Singapore, among the world’s most expensive places to own a vehicle, will stop increasing the total number of cars on its roads next year.
The government will cut the annual growth rate for cars and motorcycles to zero from 0.25 percent starting in February, the transport regulator said Monday.
“In view of land constraints and competing needs, there is limited scope for further expansion of the road network,” the Land Transport Authority said in a statement on its website. Roads already account for 12 percent of the city-state’s total land area, it said.
Smaller than New York City, land in Singapore is a precious commodity and officials want to ensure the most productive use of the remaining space. Its infrastructure is among the world’s most efficient and the government is investing S$28 billion ($21 billion) more on rail and bus transportation over the next five years, the regulator said.

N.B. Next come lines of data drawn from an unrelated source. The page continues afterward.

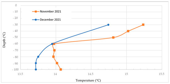 In addition, two different logs were accomplished in November (a few days after the drilling of the borehole) and December 2021, aimed at evaluating temperature of the water inside the geothermal pipe (Figure 9) using a Mini-Diver by Van Essen Instruments (range: −20 to 80 °C, accuracy: 0.1 °C, resolution: 0.01 °C). Both highlighted a change at about −60 m, representing the level at which the temperature values started to stabilize with the depth. This matches with the variations in the hydrogeological conditions due to the presence of the groundwater level at −58 m. The second log shows a temperature slightly lower than the previous one, according to the smoothing of the ageing effect of the grout that produced an increase in the ground temperature for some days.
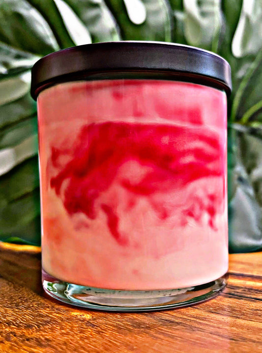 Sweet Bubble Gum Marbled Candle Premium Wax Wooden Wick 9 oz Jar
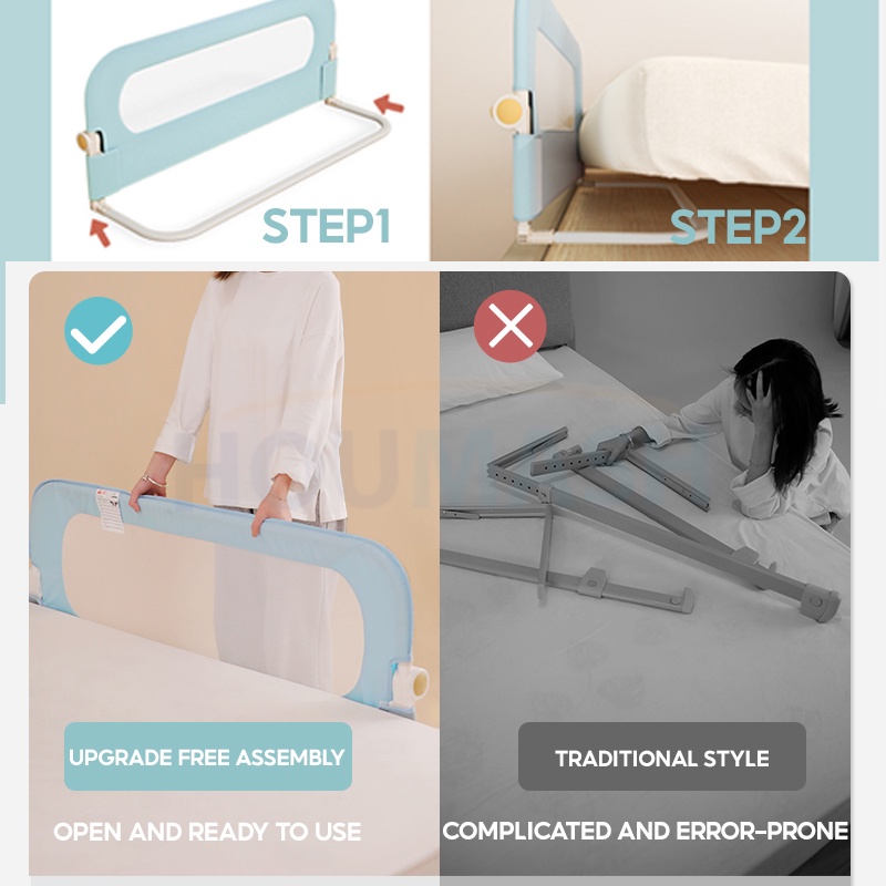 Anti-fall Baby Guard Rail Safety Bumper Fence Free Assembly Foldable Bed Barrier for Baby Kids
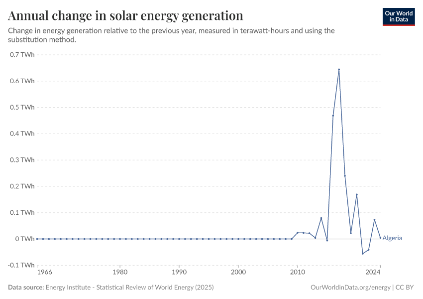 Energy Institute - Statistical Review of World Energy (2025) – with major processing by Our World in Data. “Annual change in solar power consumption – Using the substitution method” [dataset]. Energy Institute, “Statistical Review of World Energy” [original data]. Retrieved December 6, 2025 from https://archive.ourworldindata.org/20250909-093708/grapher/annual-change-solar.html (archived on September 9, 2025).
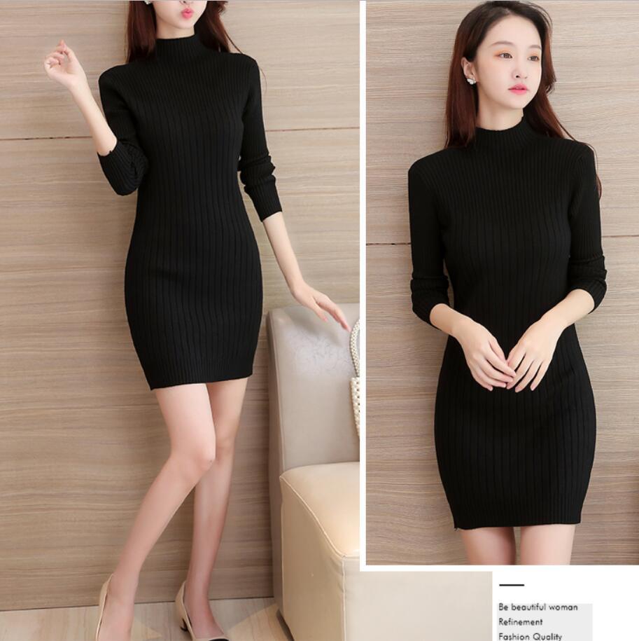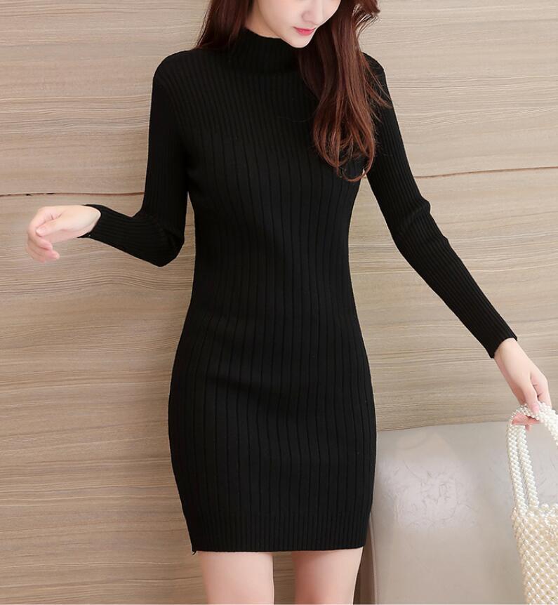 秋冬~オシャレ 大人 セーター ニットワンピース 上品 ミディ丈ワンピース キレイめ ニット タイトワンピース 着やせ 長袖ワンピース~黒
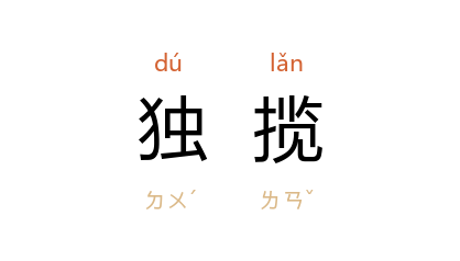 例如:「他独揽了整个公司的人事,连经理也没法子做调度。」

Singapore requires car owners to buy permits — called Certificates of Entitlement — that allow holders to own their vehicles for 10 years. These permits are limited in supply and auctioned monthly by the government. At the most recent offering last week, the permit cost S$41,617 for the smallest vehicles.
The LTA said the zero-growth target will affect vehicles in Categories A, B, and D under its permit system — these include cars and motorcycles. The existing vehicle growth rate of goods vehicles and buses will remain at 0.25 percent per annum until March 2021 to give businesses time to improve the efficiency of their operations and reduce the number of commercial vehicles they require, LTA said.
These changes are not expected to significantly affect the supply of permits since the quota is determined largely by the number of vehicle deregistrations, the regulator said. The limit on vehicle growth rate will be reviewed again in 2020.